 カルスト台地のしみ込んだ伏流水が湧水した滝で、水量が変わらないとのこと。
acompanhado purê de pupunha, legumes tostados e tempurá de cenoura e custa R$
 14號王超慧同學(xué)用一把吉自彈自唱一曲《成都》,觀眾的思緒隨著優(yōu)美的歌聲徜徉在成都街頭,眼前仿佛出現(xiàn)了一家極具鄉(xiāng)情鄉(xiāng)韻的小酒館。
---
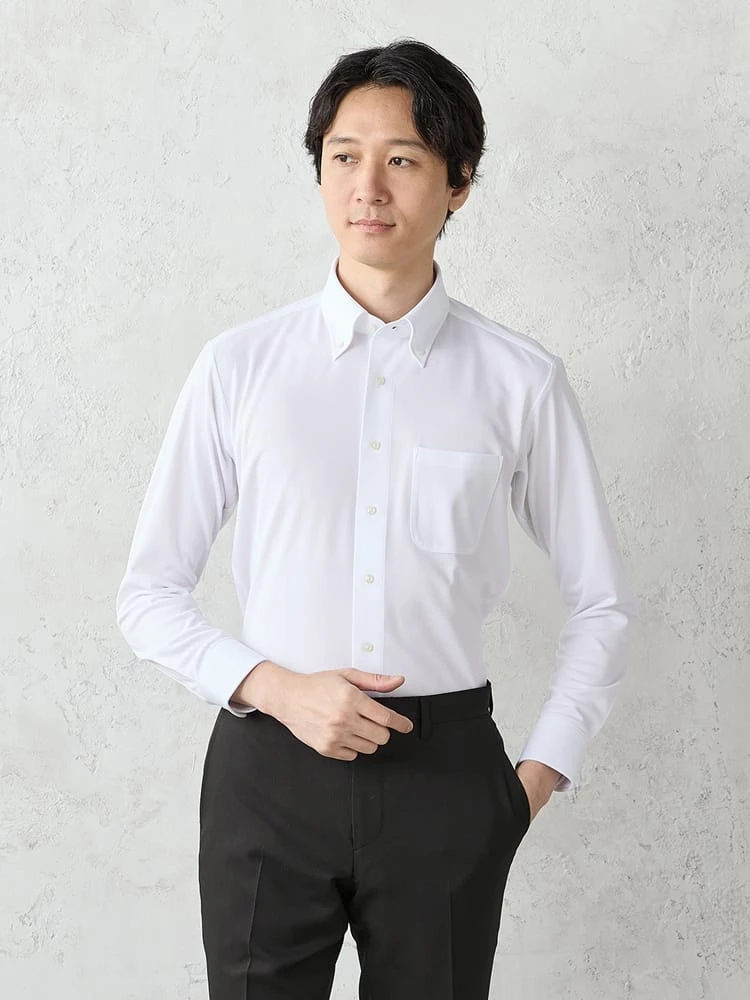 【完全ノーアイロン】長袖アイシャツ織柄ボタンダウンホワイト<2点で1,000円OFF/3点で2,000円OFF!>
* * *
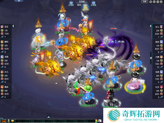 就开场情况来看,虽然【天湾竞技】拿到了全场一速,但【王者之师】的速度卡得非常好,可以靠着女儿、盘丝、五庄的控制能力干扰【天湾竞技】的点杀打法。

- Exercise objective -
Repeat exactly the lines of the listing above, from the one with "acompanhado purê de" down to the one with "14號王超慧同學(xué)用"; both of those lines belong in the range.

- Answer box -
acompanhado purê de pupunha, legumes tostados e tempurá de cenoura e custa R$
 14號王超慧同學(xué)用一把吉自彈自唱一曲《成都》,觀眾的思緒隨著優(yōu)美的歌聲徜徉在成都街頭,眼前仿佛出現(xiàn)了一家極具鄉(xiāng)情鄉(xiāng)韻的小酒館。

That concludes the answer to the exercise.